American dwarf pipefish
- Conservation status: Least Concern (IUCN 3.1)

Scientific classification
- Kingdom: Animalia
- Phylum: Chordata
- Class: Actinopterygii
- Order: Syngnathiformes
- Family: Syngnathidae
- Genus: Cosmocampus
- Species: C. hildebrandi
- Binomial name: Cosmocampus hildebrandi Herald, 1965
- Synonyms: Syngnathus hildebrandi Herald, 1965;

= Cosmocampus hildebrandi =

- Authority: Herald, 1965
- Conservation status: LC

Species of fish

Cosmocampus hildebrandi (American dwarf pipefish) is a species of marine fish of the family Syngnathidae. It is found in the western Atlantic Ocean, off of the US coast from North Carolina south to the Gulf of Mexico, off the Yucatan Peninsula (Mexico), and off of northwestern Cuba.

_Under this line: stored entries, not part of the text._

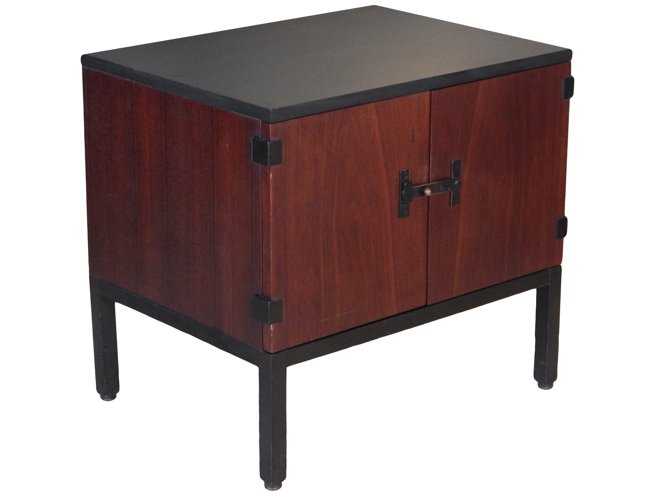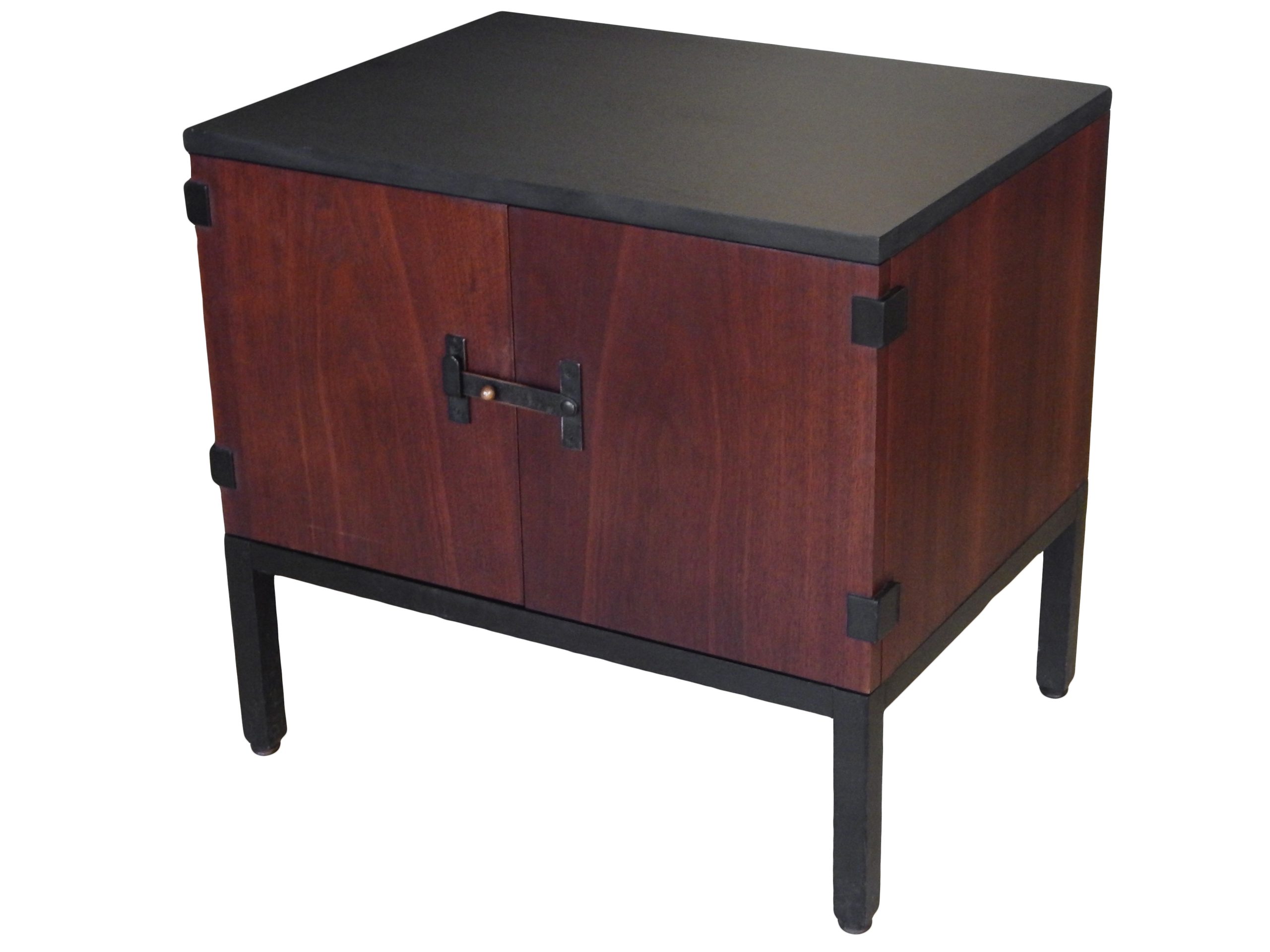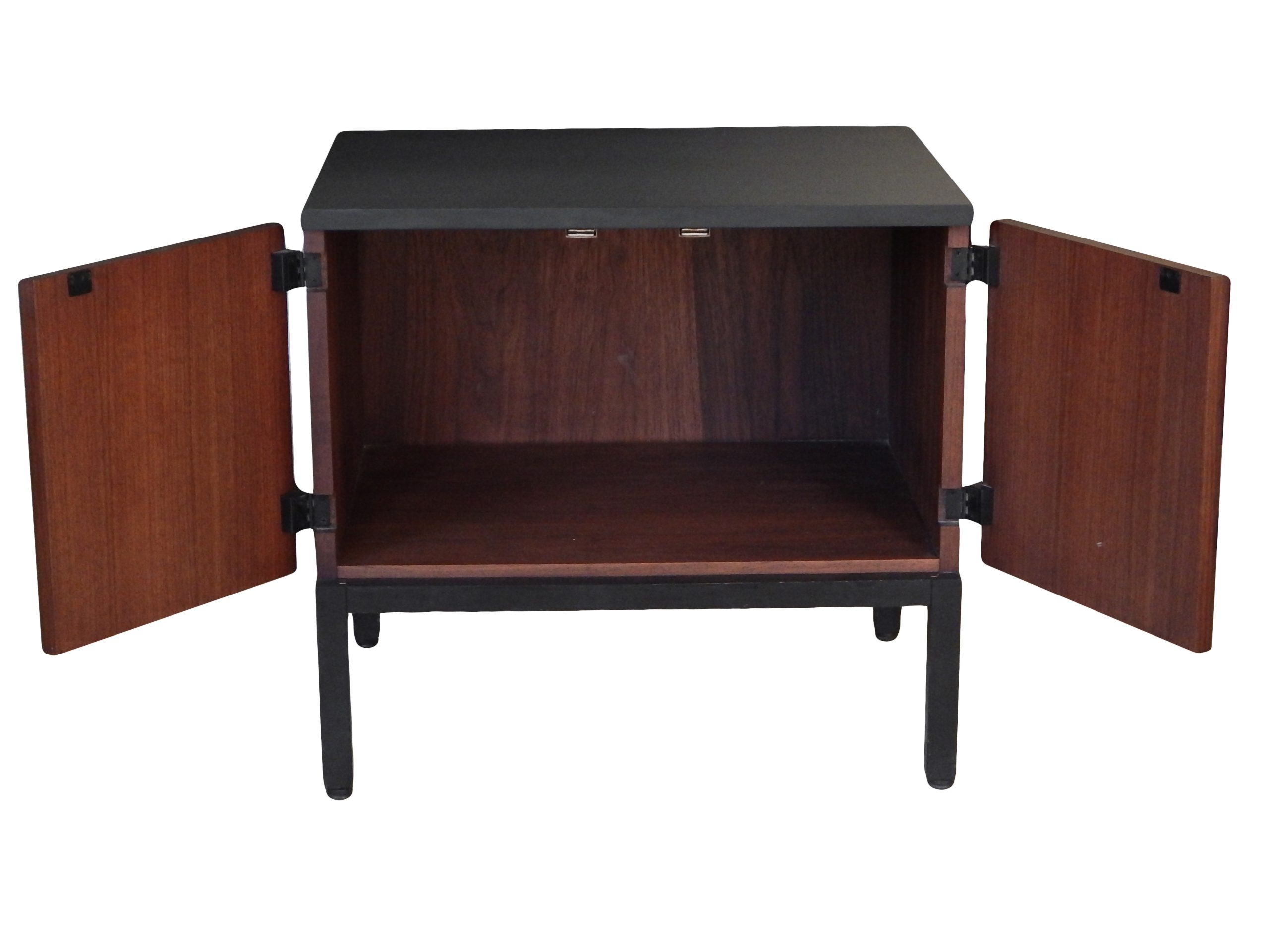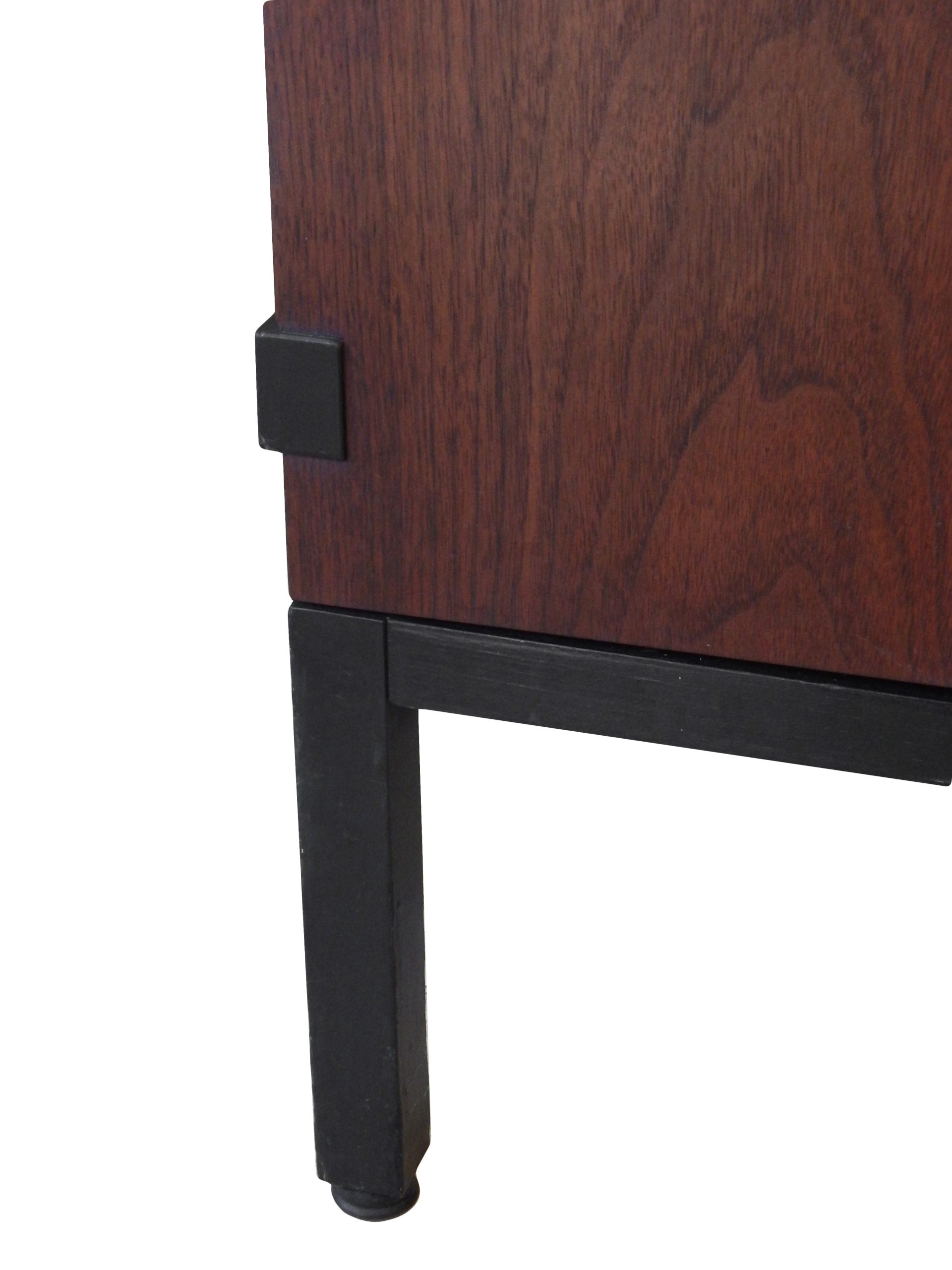 Matching Pair of  Cherry Wood Nightstands with Black Painted Top & Legs by Milo Baughman for Directional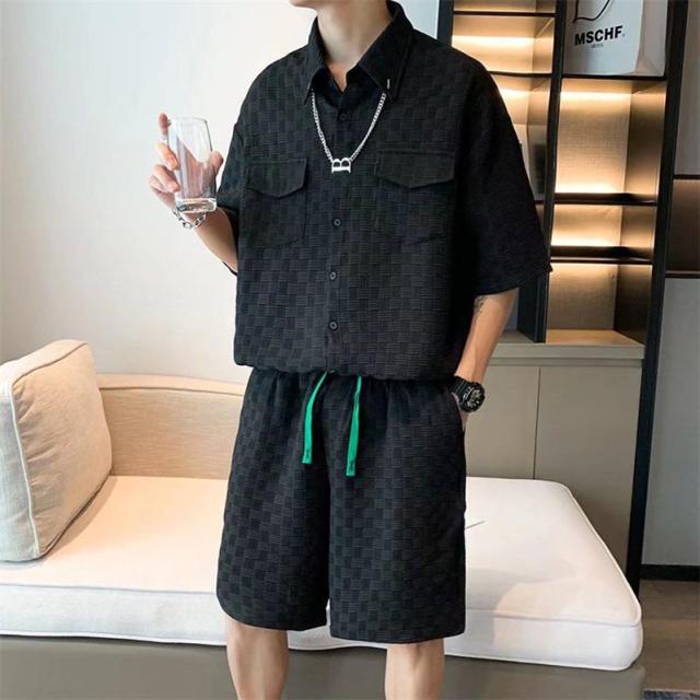 メンズ セットアップ 半袖 シャツ ショートパンツ Tシャツ ポケット 運動着 普段着 上下セット カジュアル ライブ 無地 オシャレ 夏 男子服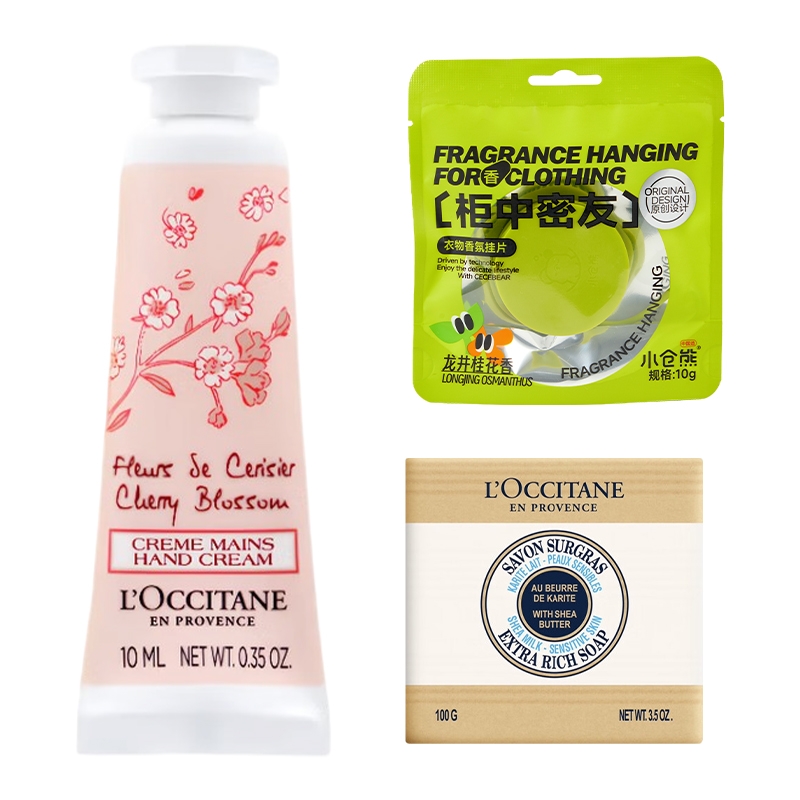 配置清单:欧舒丹乳木果牛奶味洁肤皂100g*1 欧舒丹甜蜜樱花香氛沐浴啫喱35ml*1 欧舒丹甜蜜樱花香氛亮采润肤乳35ml*1 欧舒丹甜蜜樱花香氛护手霜10ml*1 小仓熊衣物香氛挂片(龙井桂花香) 欧舒丹精美礼盒礼袋 *1
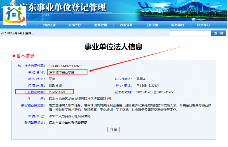 近日,據(jù)廣東省事業(yè)單位登記管理局公開信息顯示,11月23日,深圳城市職業(yè)學(xué)院已設(shè)立登記!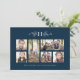 Este cartão festivo de seis fotos apresenta um monograma proeminente rodeado por galhos festivos rústicos e o ano e um lugar para uma saudação personalizável. A cor de fundo azul do marinho é festiva e clássica, mas pode ser alterada clicando em "personalizar".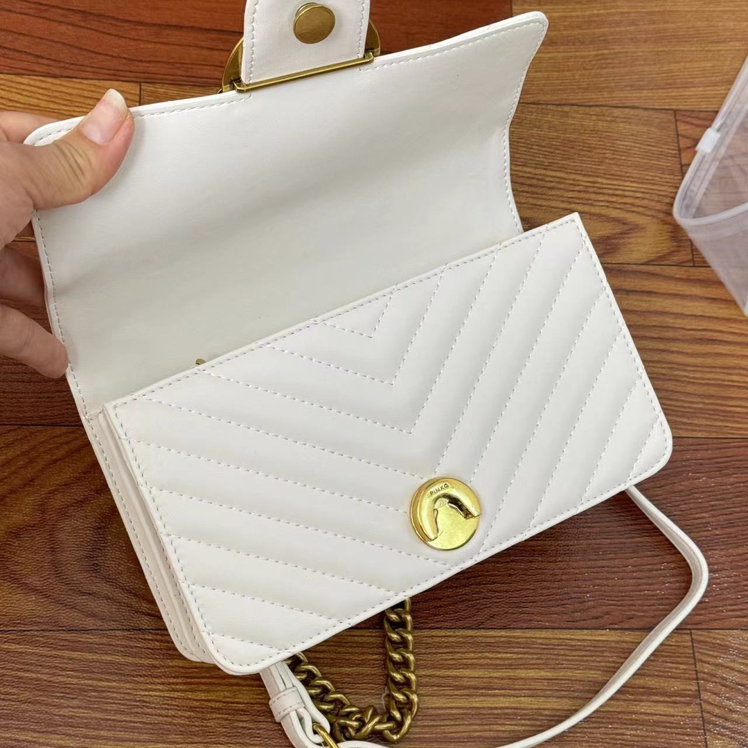 这款包包是AAAAA 1:1 质量 (非常棒). 使用了和原版一模一样的材料. 商标部分也保持了和PINKO一样. 图片拍摄是实物包包拍摄, 您所收到的实物保证和我们图片一模一样.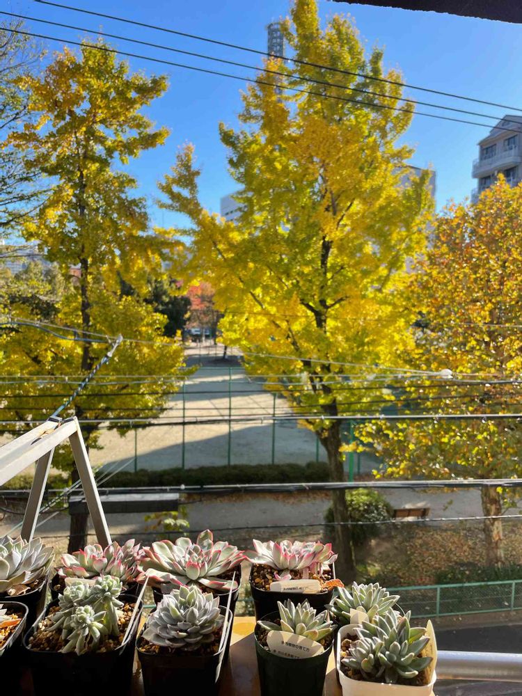 向かいのグランドの銀杏の木と奥の公園の🍁が綺麗に色付き今年もこれで見納めかな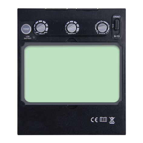 Capul de sudur are reglare continuă a gradului de întunecare, sensibilitate la intensitatea luminii sursei de lumină și timpul de menținere a stării întunecate după încheierea sudurii. Butonul de pe filtru dezactivează funcția de întunecare, astfel încât să puteți folosi casca ca mijloc de protecție individuală împotriva scânteilor din tăiere sau măcinare de metal. Cureaua cu patru puncte de sprijin, buretele, sistemul de reglare a dimensiunii și unghiurilor de lucru garantează un confort ridicat și adaptarea poziției căștii la cerințele individuale.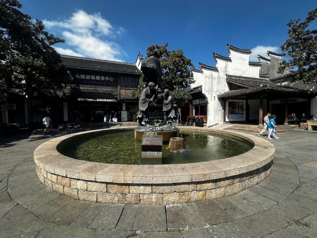 走近乌镇景区的大门,一轮圆形喷水池最先映入眼帘。池水清澈得近乎透明,仿佛刚从石缝里醒来。最有趣的,是那口立在中央的小小老式水井——水不是从喷头涌出,而像是从井心“娟娟冒起”,温吞中带着几分古意。若和我们那瓦蓝湖边随处可见的喷泉相比,它的气势确实“秀气”许多,却自有一份江南水乡独到的闲雅。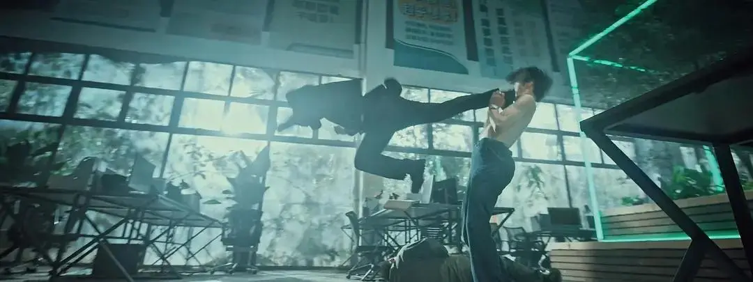 《怒袭》的故事,发生在一个电诈园里,安志杰闯进去是为了救自己的妹妹。然后,影片有点像《突袭》了,所有的故事都发生这个电诈园里,然后是玩游戏一样,一路打怪升级,逐渐靠近终极boss伍允龙。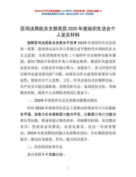 / 区司法局机关支部党员2025年度组织生活会个人发言材料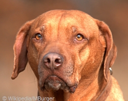 Beispiel Rhodesian Ridgeback: Hier sieht man sehr schön, dass der Hund trotz einer optisch braunen Fellfarbe eine schwarze Grundfarbe haben kann. Rhodesian Ridgebacks gibt es aber auch in brauner Grundfarbe. Unterscheiden kann man sie sehr schön an der Farbe der Nase und den Augenumrandungen: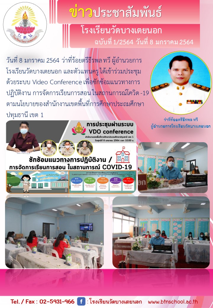 วันที่ 8 มกราคม 2564 ว่าที่ร้อยตรีธีรพล ทวี ผู้อำนวยการโรงเรียนวัดบางเตยนอก และตัวแทนครู ได้เข้าร่วมประชุม ด้วยระบบ Video Conference เพื่อซักซ้อมแนวทางการปฏิบัติงาน การจัดการเรียนการสอน ในสถานการณ์โคว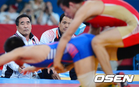 방대두 레슬링 감독이 최규진을 바라보고 있다. /jpnews@osen.co.kr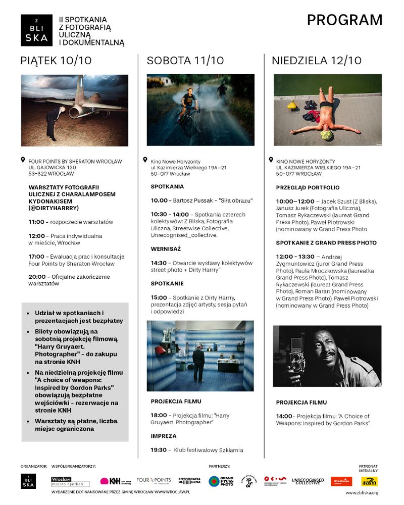 - Spotkanie z polskimi kolektywami popularyzującymi fotografię uliczną: Z Bliska, Fotografia Uliczna, Streetwise Collective, Unrecognised Collective.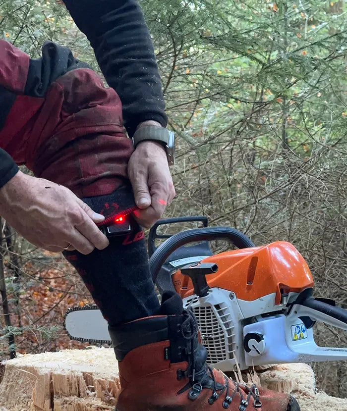Le pack de lithium rechargeable peut être fixé à la ceinture de la chaussette à l'aide de boutons-pression. Les chaussettes chauffantes sont compatibles avec tous les packs de lithium du système Lenz Body Heat.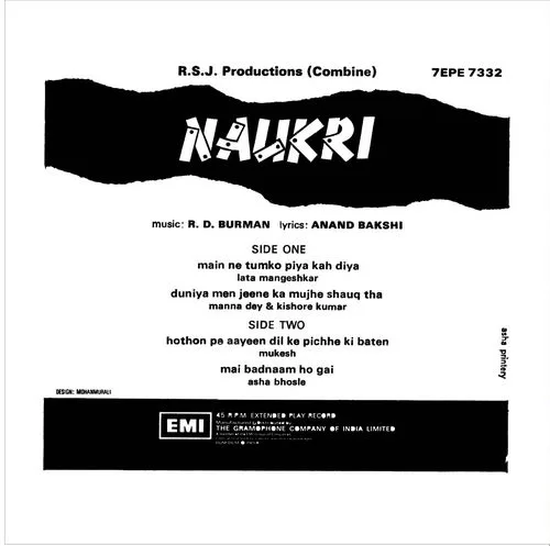 Naukri – 7EPE 7332 – (Condition – 80-85%) – Cover Colour Photostate – EP Record

It inhabits sandy habitats with seagrass, coral, and rock substrates at depths of 5-75 m, where it can grow to lengths of 8.6 cm. This species is ovoviviparous, with males carrying eggs and giving birth to live young.

==Etymology==
The specific name honours the ichthyologist Samuel F. Hildebrand (1883-1949), who first recognised the holotype as being possibly a new species.

==Identifying Features==

This species has a stout body, with a squarish cross section. It is a pale brown colour, without any distinctive markings.